**Your goal:** Only the lines below from the one with "Região da Fronteira." through the one with "и многое другое." are to be written out, exactly and without any images.

**Exercise data:**

[Start of section]

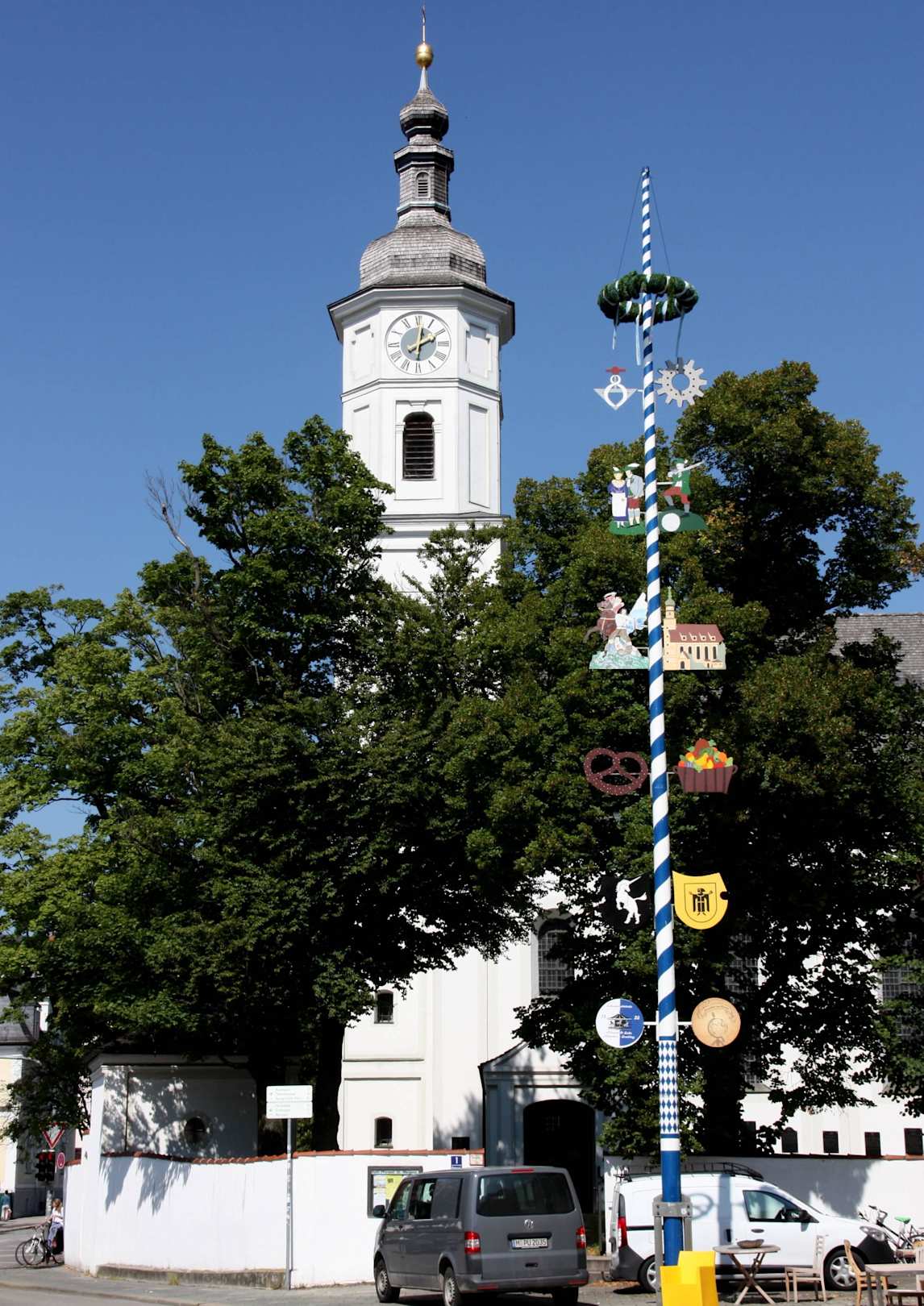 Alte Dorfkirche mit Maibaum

[End of section]
[Start of section]

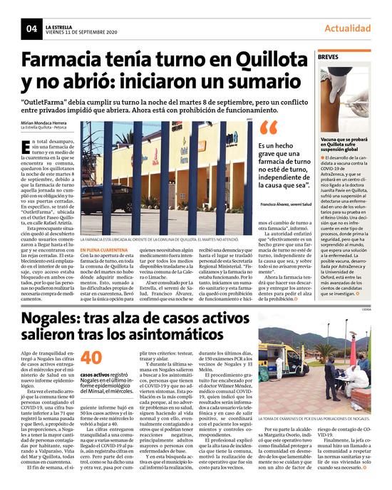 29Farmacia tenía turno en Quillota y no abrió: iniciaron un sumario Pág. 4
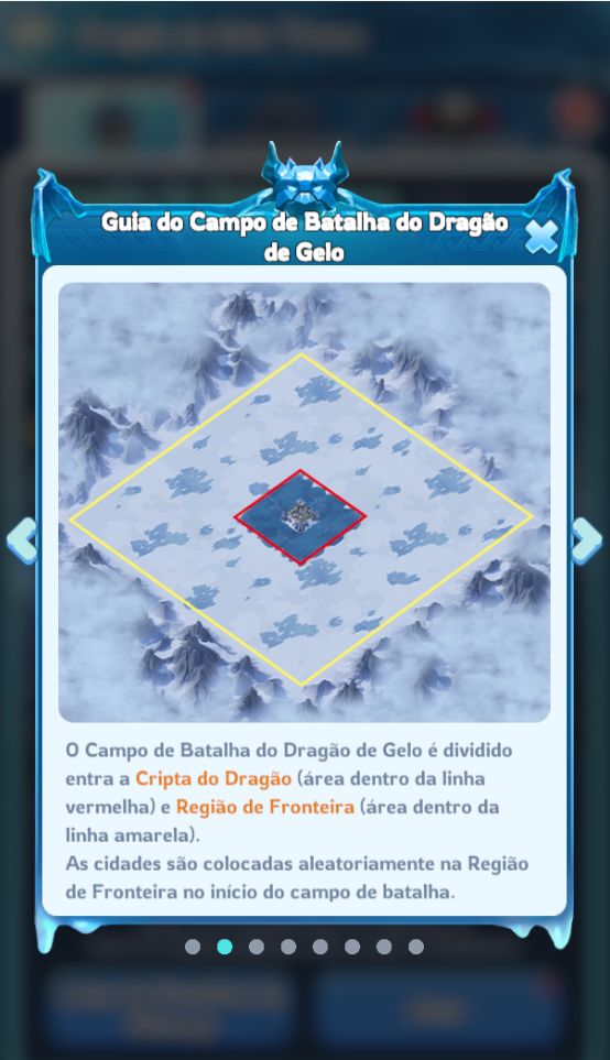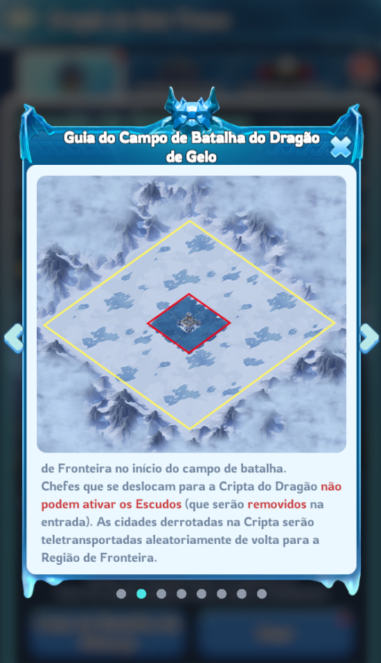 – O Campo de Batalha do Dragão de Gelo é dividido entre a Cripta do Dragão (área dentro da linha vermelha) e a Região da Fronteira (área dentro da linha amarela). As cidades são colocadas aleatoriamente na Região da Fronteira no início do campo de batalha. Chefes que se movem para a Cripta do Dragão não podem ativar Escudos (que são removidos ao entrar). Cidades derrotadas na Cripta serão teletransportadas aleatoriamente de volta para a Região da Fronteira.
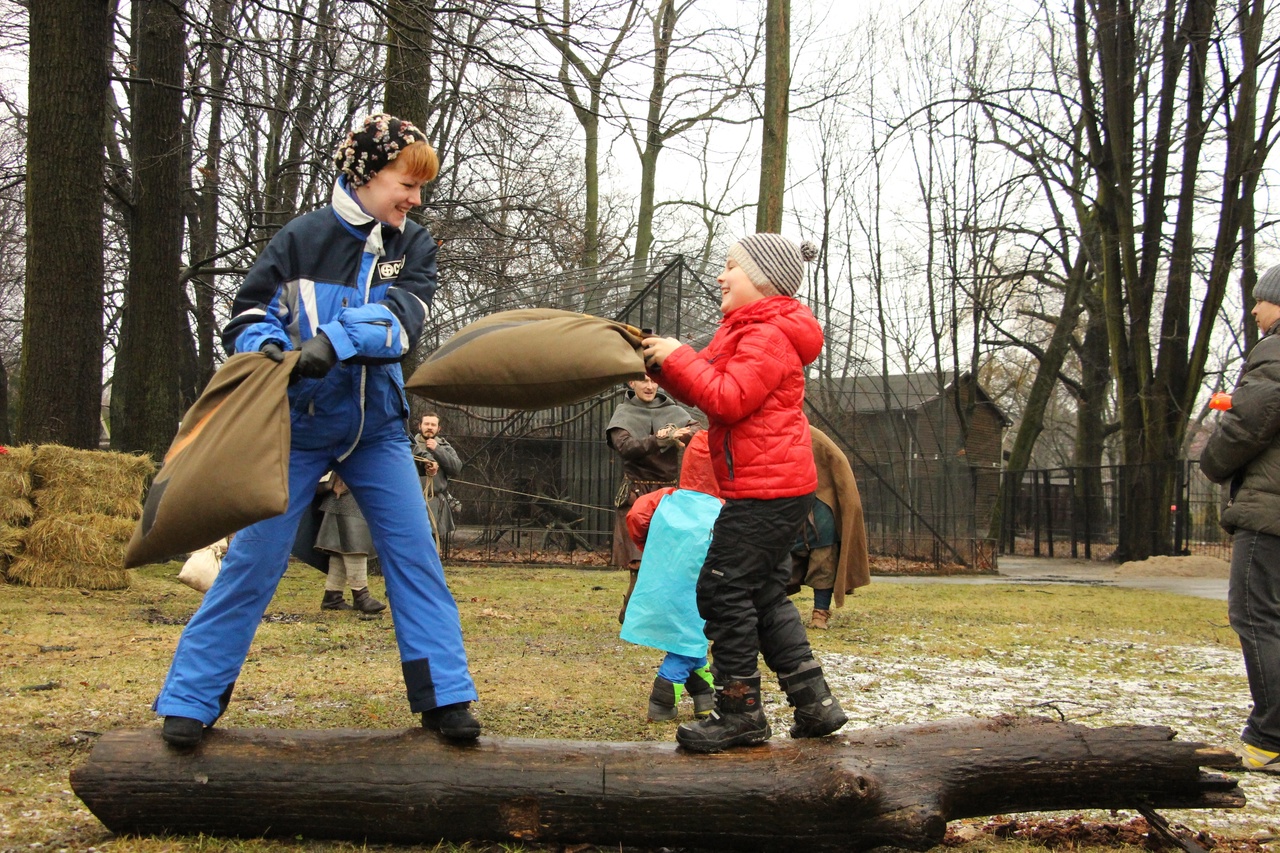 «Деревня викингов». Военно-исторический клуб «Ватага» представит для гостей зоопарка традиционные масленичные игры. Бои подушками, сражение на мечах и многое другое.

[End of section]

**Result for this task:**
 – O Campo de Batalha do Dragão de Gelo é dividido entre a Cripta do Dragão (área dentro da linha vermelha) e a Região da Fronteira (área dentro da linha amarela). As cidades são colocadas aleatoriamente na Região da Fronteira no início do campo de batalha. Chefes que se movem para a Cripta do Dragão não podem ativar Escudos (que são removidos ao entrar). Cidades derrotadas na Cripta serão teletransportadas aleatoriamente de volta para a Região da Fronteira.
 «Деревня викингов». Военно-исторический клуб «Ватага» представит для гостей зоопарка традиционные масленичные игры. Бои подушками, сражение на мечах и многое другое.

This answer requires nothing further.